Sin que ella se diera cuenta, la frente del hombre había comenzado retorcerse, lentamente su piel se rasgó, abriendo un agujero similar a un ano, y algo sucio como la sangre, sesos o excremento salió repentinamente de allí.

—Kikikikikiki. —Esa cosa similar a un asqueroso gusano gordo chilló. Ese gusano repulsivo era un familiar, uno cargado con pólvora y aceite en su vientre, pero lo más repulsivo de tal adefesio, era que esa cosa, de hecho, parecía estar sonriendo. Rápidamente el repúgnate cuerpo del gusano se ensanchó, e infló más y más..

—¡……..!

—¿Ahh?

Tomando a Eru entre sus brazos, Eve salto hacia un lado, batiendo sus alas para extender la distancia del salto.

¡BOOOOOOOM!

Un instante después, el cuerpo del joven rodeado por el gusano explotó, con un estruendo ensordecedor que sacudió sus tímpanos. Eru chasqueó la lengua para expresar una emoción que las palabras no podían enunciar.

Tsk. Debió haberlo preparado para el momento en que fuera capturado. Pero ¿asumir la muerte con tal facilidad?, la idea de un suicido a ese nivel es demasiado antinatural.
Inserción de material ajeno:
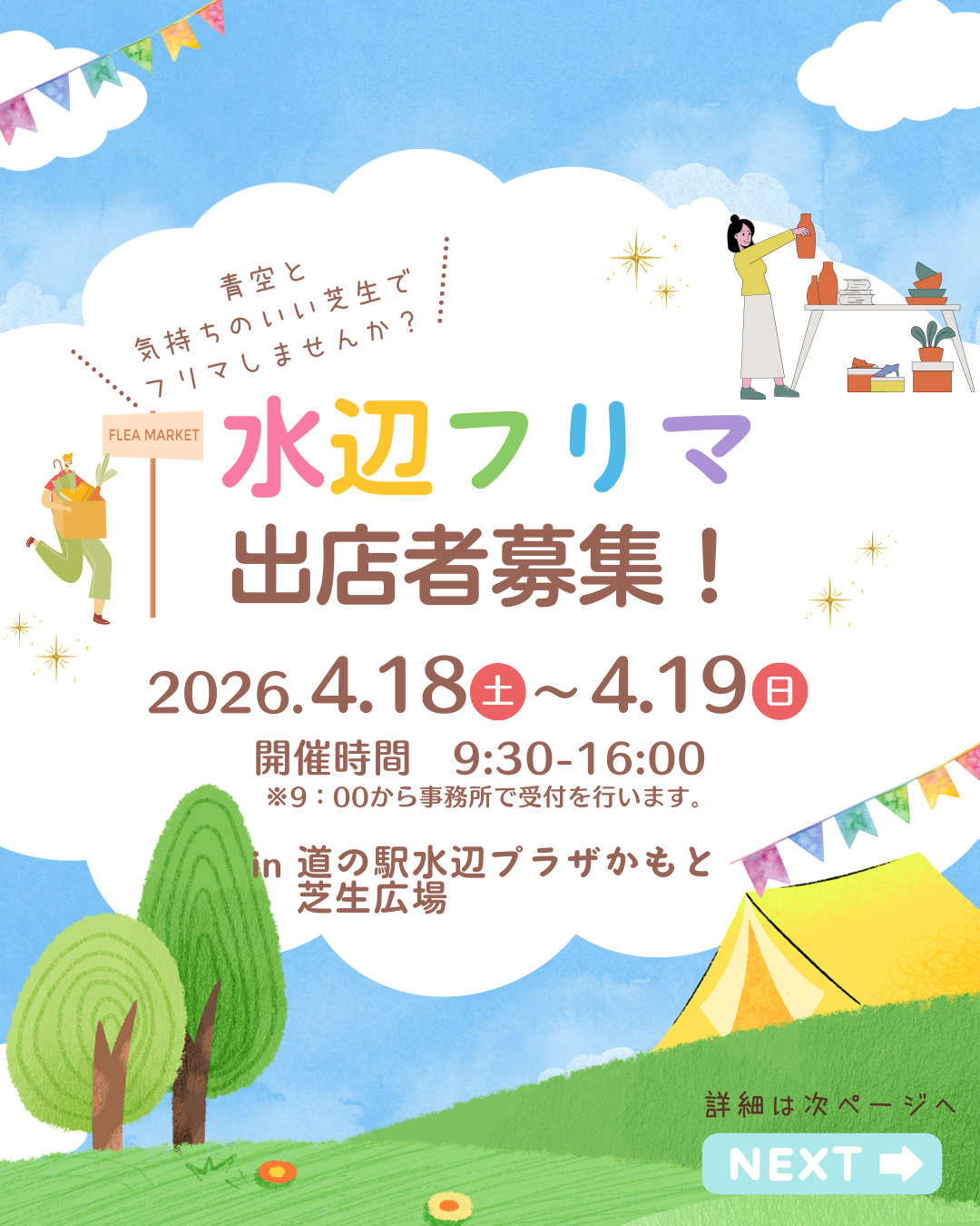 新年度!4月の水辺フリマ出店者募集のお知らせです。

Ese hombre, desde el comienzo no tenía ninguna intención de sobrevivir, maldición….

Sin embargo, aunque una parte de su abdomen había sido destrozada por la explosión, y su carne y sangre quemadas quedaron esparcidas por todas partes, el hombre aun respiraba.

—Ha, ha,…. Haaaaa— Una risa ronca resonó en el aire. Pronto, esos pesados carcajeos se convirtieron en giros de agonía, y aullidos ininteligibles, mientras lo que restaba del joven hechicero, era quemado vivo.

Incluso los restos de su carne esparcidos por el carruaje fueron consumidos por las llamas. El fuego negro era demasiado grande e intenso para ser extinguido. Los ojos rojos de Eru contemplaron con tristeza las llamas detrás de ella, Eve emitió un leve gemido.

—...Ah

—¿Eve?

Eru rápidamente se dio cuenta que algo andaba mal con su compañera demonio. Al ver la suave espalda de Eve, su respiración se cortó, varios fragmentos de metralla parecían haberla alcanzado debido a la explosión, y lentamente la sangre de su cuerpo empezó a fluir y manchar la piel de su compañera.